Although performed on a limited number of subjects, the present study represents an important step towards an automated segmentation of the Vim area. We used local diffusion MR properties inside the thalamus for delimitation of an initial region of interest, the VLV cluster enclosing the motor-related thalamic nuclei, which was further subdivided using the 7T SWI intensity and a prior knowledge of the Vim localization within the VLV. We additionally examined the ability of multi-atlas based techniques to segment the Vim.

The spatial distribution and extent of the resulting Vim outlines were qualitatively validated by an experienced neurosurgeon. A minor affinity of slightly imprecise borders regarding the surrounding structures was observed in the outcome of the proposed multi-modal method. Nevertheless, these outlines represent better and in more complete manner the Vim area than the limited extents provided by a multi-atlas segmentation approach. Analogue to this are the calculated volumes of the outlines.

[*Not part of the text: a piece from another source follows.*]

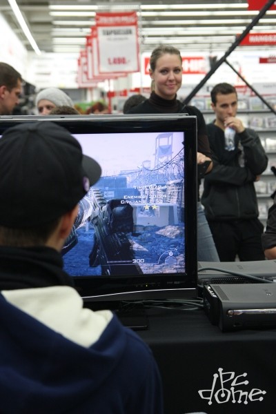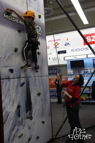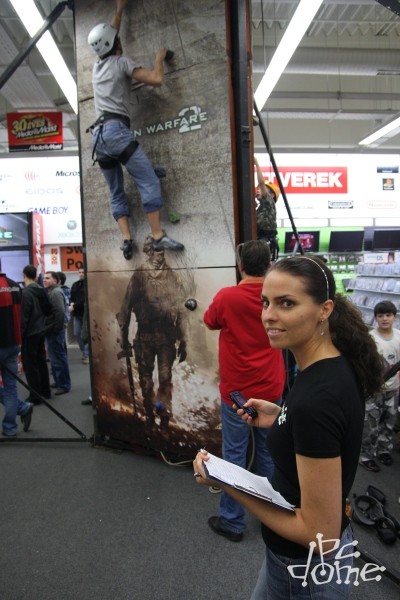 Világszerte rajongók milliói várnak az éjfélre, amikor a boltokba kerül a Call of Duty sorozat legújabb része, a Modern Warfare 2. A játékot hazánkban forgalmazó BSC is egy nyitóeseménnyel készült e jeles alkalomra, mégpedig a Pólus Centerbeli Media Markt áruházba várva a játékosokat. Reggel 10 óta lehetett ott kipróbálni a népszerű FPS sorozat legújabb epizódját, valamint felmászni az áruház tetejéig érő, hatméteres falra, majd délutántól verseny is indult mindkét részen. A falat leggyorsabban megmászó versenyző, illetve az MW2 három pályáján legyorsabban teljesítő játékos egy-egy MW2-es Xbox 360 csomaggal térhet majd haza éjfél után. Ottjártunkkor még nagyban zajlottak a versenyek, a játékosok egymás után döntötték meg a rekordidőket, de volt, akit a "Mission Failed" felirat fogadott a képernyőn. Alább a helyszínen készült fotóinkat láthatjátok.
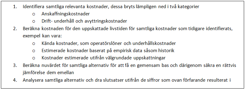 En lämplig metodik för att genomföra en livscykelkostnadsanalys inkluderar följande fyra steg: Klicka på bilden för att förstora.

The DWI used for the VLV delineation has approximately five times lower spatial resolution than the image reference space where the analysis were performed (2.24 × 2.24 × 2.2 mm3 versus 0.5 × 0.5 × 0.5 mm3). As consequence we are prone to imprecise border delineation of the initial region of interest i.e. the VLV thalamic part. Another limitation comes from the non-robust contrast variation observed on the SWI together with the presence of the blood vessels in an indiscriminate mode, inside the VLV and the thalamus in general, increasing the potential of Vim’s border inaccuracy. This could also have a major impact on direct visualization in some cases. Further studies should be done to understand the origin of the differences in feature appearance observed on SWI for the populations of different age. We believe that standardization of the SWI contrast could make this imaging method even more powerful tool for direct visualization, especially for direct targeting in functional neurosurgery in drug-resistant tremor.

In this study we have also shown that the imaging method based on the individual subjects’ anatomy outperforms the approaches build from statistical average among a chosen population, such as the atlases. As limitation of the used multi-atlas approach we consider the image registration done between the respective T1w images on which the thalamus appears as a homogeneous area with borders that are difficult to discriminate. Hence, the information provided for the thalami matching and the corrective learning afterwards is not optimal. Possible improvement in this context could be the direct use of the SWI for the image matching procedure, since it provides much more features of the thalamic architecture. However, mainly due to the variation of the SWI FoV orientation, it was difficult to achieve such task in the presented data.

The proposed multi-modal framework should be further quantitatively evaluated against a manual delamination of the targeted area. Nevertheless, it represents a novel advancement in the field of automated subject-specific segmentation of the Vim.